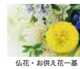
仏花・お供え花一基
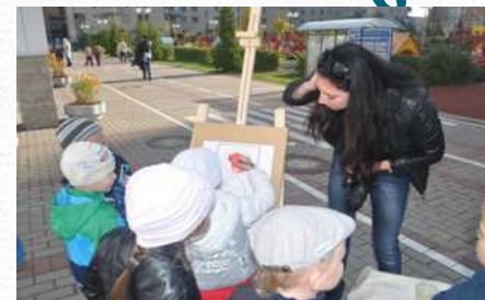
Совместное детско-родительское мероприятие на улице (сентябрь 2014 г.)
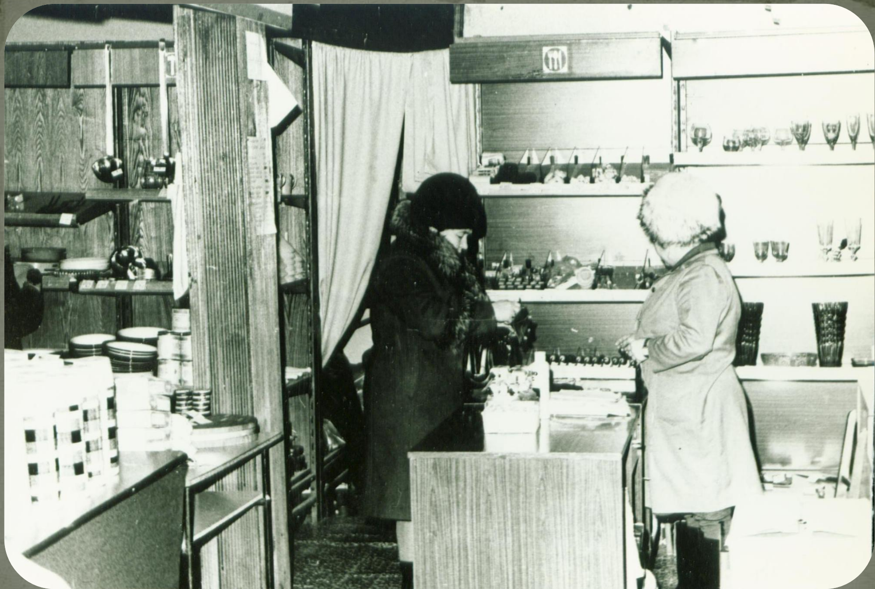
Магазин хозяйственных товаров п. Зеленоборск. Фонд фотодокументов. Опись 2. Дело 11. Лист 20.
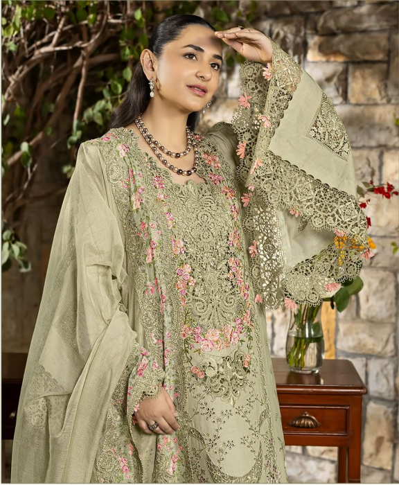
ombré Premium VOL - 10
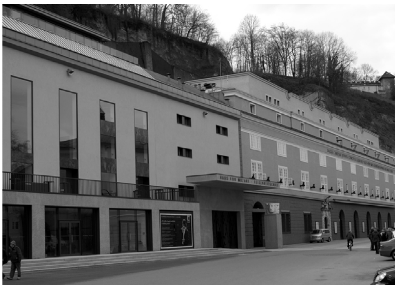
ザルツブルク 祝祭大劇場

* * *

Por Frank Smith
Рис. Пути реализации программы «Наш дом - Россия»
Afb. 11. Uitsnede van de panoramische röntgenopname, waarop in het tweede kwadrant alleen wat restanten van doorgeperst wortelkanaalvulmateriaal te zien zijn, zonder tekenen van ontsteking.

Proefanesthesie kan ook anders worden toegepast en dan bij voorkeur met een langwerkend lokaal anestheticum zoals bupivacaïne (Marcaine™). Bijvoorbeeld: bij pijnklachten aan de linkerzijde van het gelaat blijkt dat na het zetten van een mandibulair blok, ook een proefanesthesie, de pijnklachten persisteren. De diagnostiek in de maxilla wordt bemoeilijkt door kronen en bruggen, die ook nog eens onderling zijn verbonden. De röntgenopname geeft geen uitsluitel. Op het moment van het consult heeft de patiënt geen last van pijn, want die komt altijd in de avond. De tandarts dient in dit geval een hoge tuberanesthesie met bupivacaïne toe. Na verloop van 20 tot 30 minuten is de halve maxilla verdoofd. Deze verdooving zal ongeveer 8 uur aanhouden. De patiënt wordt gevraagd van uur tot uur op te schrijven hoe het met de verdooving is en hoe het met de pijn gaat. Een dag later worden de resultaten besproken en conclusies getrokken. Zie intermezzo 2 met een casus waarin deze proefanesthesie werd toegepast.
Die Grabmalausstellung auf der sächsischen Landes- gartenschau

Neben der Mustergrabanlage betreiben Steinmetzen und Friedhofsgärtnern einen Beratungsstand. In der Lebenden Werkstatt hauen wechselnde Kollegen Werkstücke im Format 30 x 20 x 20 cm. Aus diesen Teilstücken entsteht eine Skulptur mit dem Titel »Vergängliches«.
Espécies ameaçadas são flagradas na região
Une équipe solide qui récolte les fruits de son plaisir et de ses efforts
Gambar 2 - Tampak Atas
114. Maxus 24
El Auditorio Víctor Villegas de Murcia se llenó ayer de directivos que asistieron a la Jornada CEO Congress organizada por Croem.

## TASK INSTRUCTIONS
Reproduce the entries above exactly, but only the lines between the line holding "Espécies ameaçadas são flagradas na região" and the line holding "El Auditorio Víctor", inclusive.

## SOLUTION FOR THIS EXERCISE
Espécies ameaçadas são flagradas na região
Une équipe solide qui récolte les fruits de son plaisir et de ses efforts
Gambar 2 - Tampak Atas
114. Maxus 24
El Auditorio Víctor Villegas de Murcia se llenó ayer de directivos que asistieron a la Jornada CEO Congress organizada por Croem.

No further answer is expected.